To validate the anti-inflammatory function of EBN in skin, the DNCB-induced dermatitis in mouse model was employed. The treatment procedure was shown in Figure 7A. The severity of dermatitis was evaluated by a simple scoring system with minor modification from SCORAD (Nantes and Bordeaux, 1993). In addition to the six intensity criteria, as listed in SCORAD, e.g., erythema, edema/papulation, oozing/crusts, excoriations, lichenification, and dryness, two additional criteria were included, i.e., vesicle and pigmentation/depigmentation. The score was given daily for existence (0: absence, 1: existence), rather than to measure the extent of intensity, as to avoid discrepancy. Besides, the number and duration (how long the scratch lasts) of scratching were counted for 30 min daily in the whole timeline of experiment. The scratch duration in DNCB-sensitized group was significantly increased by 2 folds, from ∼5 s in control to ∼10 s under DNCB (Figure 7B). Dexamethasone, serving as a control, suppressed the scratching time. The topical applications of EBN, including NANA, extract and digest, reduced the duration, significantly (Figure 7B). NANA showed the best in reducing the itchiness. In addition, the severity score was increased by over 25 folds after DNCB treatment (Figure 7C). The applications of NANA, EBN extract and digest could markedly reduce the severity scores. The score was greatly reduced by ∼80% at high dose of EBN application, similar to that of dexamethasone (Figure 7C).

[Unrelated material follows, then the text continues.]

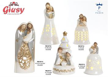 Natività In Porcellana Navel H.9,4 Cm Con Luce Led Completo Di Scatola 1*72

The amounts of pro-inflammatory cytokines, TNF-α, IL-1β and IL-6, were assessed by ELISA assays from the isolated skin of treated mice. As expected, these cytokines were robustly induced in DNCB-treated mice (Figures 7D–F). The treatments of EBN preparations, in all scenarios, suppressed the expressions of TNF-α, IL-1β and IL-6 in the skin: the significant suppression could be revealed by EBN digest (Figures 7D–F). On the other hand, the amount of filaggrin was decreased by ∼30% by the treatment of DNCB; however, the reduction could be markedly reversed by the EBN preparations (Figure 7G).

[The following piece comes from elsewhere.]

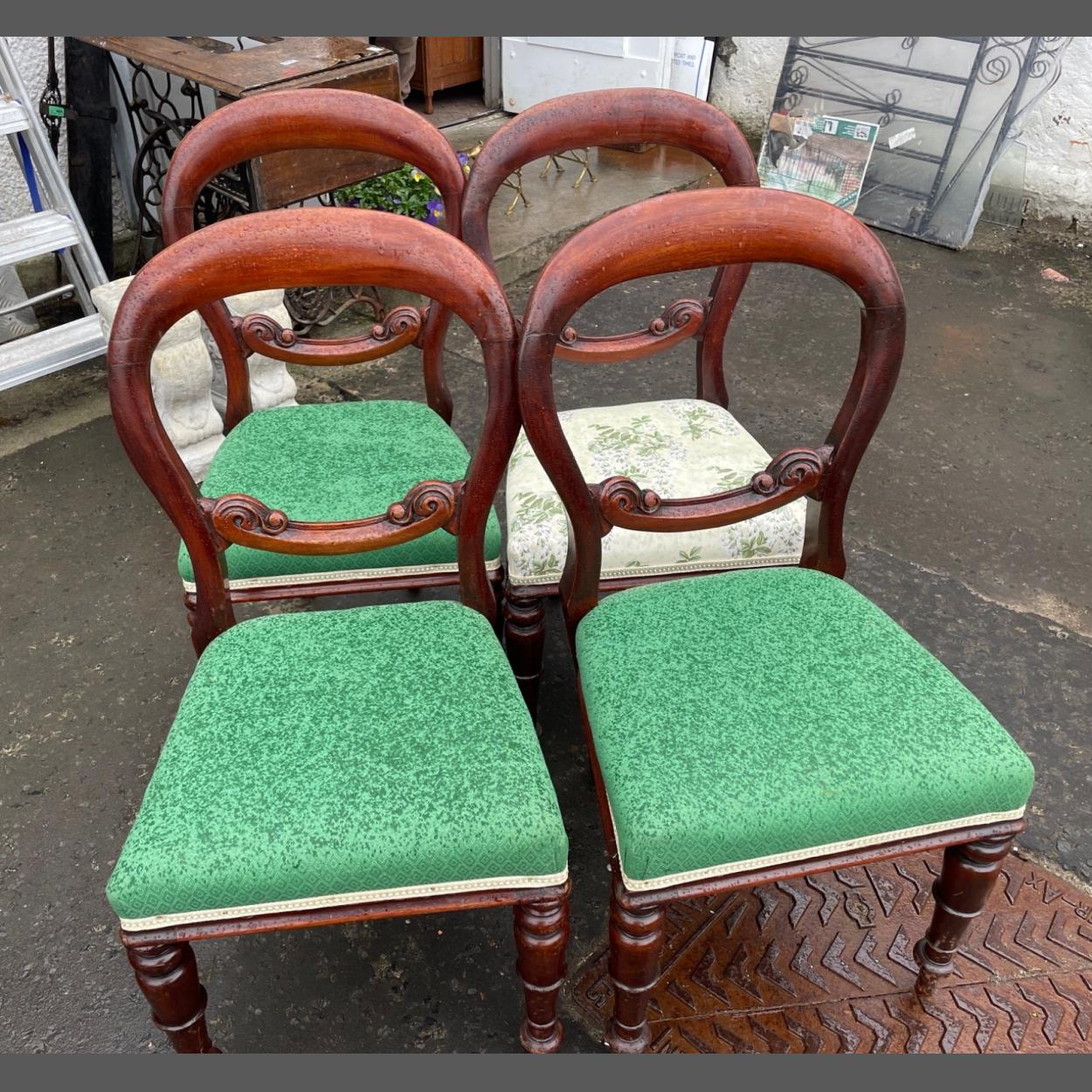 VICTORIAN mahogany balloon backed chairs set of four - three with green covers and the other with green floral cover

The dorsal skin of DNCB-sensitized mice was recognized by excoriations, dryness, crust, erythema, oozing and depigmentation (Figure 8A). The overall severity, determined by summarizing daily scores after inspection of skin features throughout the time course, were significantly ameliorated after treatments of NANA and EBN preparation, respectively (Figures 7C, 8B). In sacrificed mice, the skin showed an increase of its thickness almost by 3 folds under the influence of DNCB (Figures 9A,B). The EBN preparations, similar to dexamethasone, were able to reduce markedly the skin thickness (Figures 9A,B). In H&E staining of skin epidermal layer, the epidermis displayed strong purple color, as shown in Figure 9A. The quantitation showed that the epidermal thickness significantly increased by over 6 folds under the exposure to DNCB (Figure 9C). The increased epidermal thickness was reduced by treatments of NANA, EBN extract, and EBN digest in a dose-dependent manner. Again, the digest showed the best effectiveness (Figure 9C).

In addition, the mast cells in skin were stained by toluidine blue to purplish red color (Figure 10A); while immune cells were stained as strong bluish-purple color under H&E stains (Figure 9A). The challenge of DNCB sensitizer increased the number of mast cell significantly by over 4 folds (Figure 10B), as well as the total number of immune cells by over 2 folds (Figure 10C). All EBN treatments showed significant suppression to the number of mast cell or immune cell, showing at almost 60% reduction at the highest dosage application. The level of serum IgE was reported to regulate the expression of FcεRI receptor on mast cells and basophils (Rosenwasser, 2011; Greer et al., 2014). The challenge of DNCB induced the serum IgE to ∼300%, and the treatments of NANA and EBN extract/digest significantly suppressed the level of serum IgE (Figure 10D).